"Não sei escrever, mas quero. Devoro cada instante e desespero, quero essa palavra que espero"

sexta-feira, 24 de junho de 2011

Cavaco Silva (1/50)

Não tenho por hábito guardar rancor.

Esta característica pessoal é, esclareça-se, perfeitamente inconsciente, não alimentada por lógica doutrinal, ânsia pacifista ou, menos ainda, reflexo de uma especial cristandade de alma.

Muito concretamente, julgo tratar-se de uma incapacidade física, morfológica.

De facto, assuntos infinitamente mais prementes e interessantes são desafio sobejo para os meus contados neurónios, inviabilizando a manutenção, em condições mínimas, de qualquer acervo revanchista.

Ora, com um tal enquadramento, dir-se-ia...craniano, uma mão bastará para trocar por dedos o n.º de pessoas que, ao longo de trinta e muitos anos, me acidificaram o espírito ao ponto da úlcera.

E, sem dúvida, Cavaco Silva, é uma dessas pessoas.

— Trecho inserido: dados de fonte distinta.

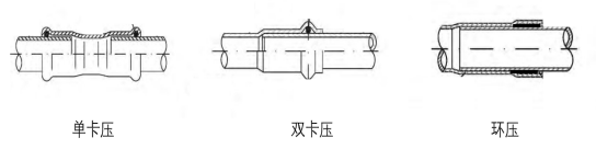 2、三道锁紧环。压接时管材管件在安装工具的作用下发生形变,在凸环的两侧和管件的外沿压出三道锁紧环,每道环的下嵌是1.2个管材的壁厚,由此管材管件互嵌咬合产生强大的抱紧力。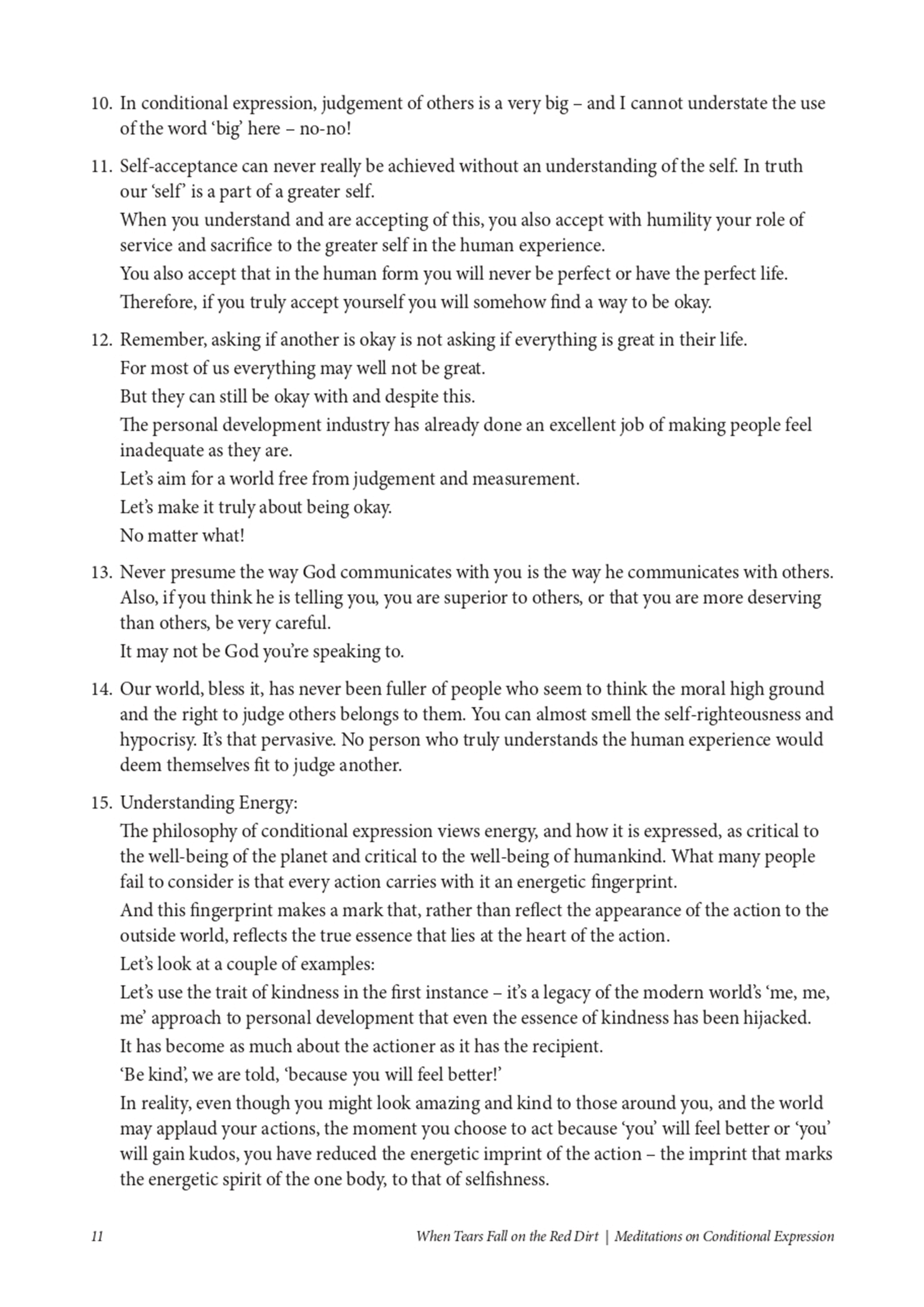 As is the case with the ‘Meditations’ books which came before, When Tears Fall on the Red Dirt shares God’s anguished voice of concern at the worlds treatment of life.

Não sem razão, entendo. Este esfíngico indivíduo, meio termo entre um mau dia de Jim Henson e um Moai fora de prumo, insiste, decorrido mais de 1/4 de século, em destruir preciosos momentos da minha existência, tantos quantos aqueles em que, não autorizado, atravessa o meu espectro para, pleno de si, reviver o seu eterno sonho de educar uma horda bruta, que vislumbra lançada às suas vestes, bebendo, avidamente, entre raios olímpicos, os seus ensinamentos e ditames.

Sem dúvida, a linguagem que utilizo é, também ela, doentia. Reconheço-o. Mas, em minha defesa, recordo, é precisamente de um assunto de saúde que falamos. A minha saúde. Cavaco Silva faz-me mal, bestializa-me, desperta o pior que há em mim.

A mera ideia de que há um Ser, mais ou menos inteligente, académico ou professoral, que se entende e conduz pela certeza própria de que é mais do que os demais, faz da bílis sangue e corrói-me por dentro.

A cada dos seus "eu tinha alertado", por cada assomo virginal e impoluto, em cada esgar de imparcialidade travestida de "não posso comentar", o meu organismo tremula e ameaça a pane.

Cavaco Silva é assim, para mim, uma bizarra Kryptonite. Terrível conclusão esta quando, à evidência, não completo a equação e, pior, os meus ridículos poderes se resumem a 104 teclas e uma vintena de dichotes irritados e de duvidoso gosto.

Estou portanto em dificuldade, carecido de tratamento. Resta-me assegurar a sobrevivência. Não baixar a guarda.

O título acima é o meu mote. Este texto será o 1.º de, pelo menos, 50, que me auto-prescrevi para que, no entretanto - haja esperança - possa lograr a imunidade.

Pinela

terça-feira, 21 de junho de 2011

Fernando Nobre - Case study

Fernando José de La Vieter Ribeiro Nobre. Ou, tão-somente, Fernando Nobre.

Eis o nome público de um homem cuja biografia recente se eleva como fogo-fátuo sobre a viciação da natureza humana.

Eis um profissional reconhecido, um académico apreciado, uma pessoa admirada, a imagem de homem generoso que, em paragens distantes, abraçava infortúnios e terrores.

Eis tudo isso e muito mais desperdiçado, pervertido. O passado é passado e este presente não terá futuro.

Tragicamente, do alto de uma vida tão vivida, Fernando Nobre não viu, não quis ver, que caminhava, pelo seu pé, para um fim sem remédio, sem cura médica.

Desbaratando um capital que era seu, quis ser mais, quis ser tudo, sem abdicar de nada, excepto de si próprio.

Com um despudor que não se lhe reconhecia, fez sua a Verdade. Fez dela o que quis e quanto quis. Guiado pela vaidade, o aplauso e os holofotes, torneou juras, compromissos e esperanças, consumiu-se na raiva de quem o tomou por outro e, pior, pelo ridículo.

Recordar os últimos meses de Fernando Nobre é assim um acto doloroso. Uma dor que se sente na pele, como o ardor de uma inocência que insiste em confundir esperança e desejo com verdade pura e crua.

Afinal, aquele Fernando Nobre não existia. Perdeu-se na memória de tantos gestos despojados e admiráveis e ali ficou.

Restará agora a sua sombra, prostrada ao dízimo e ao esquecimento.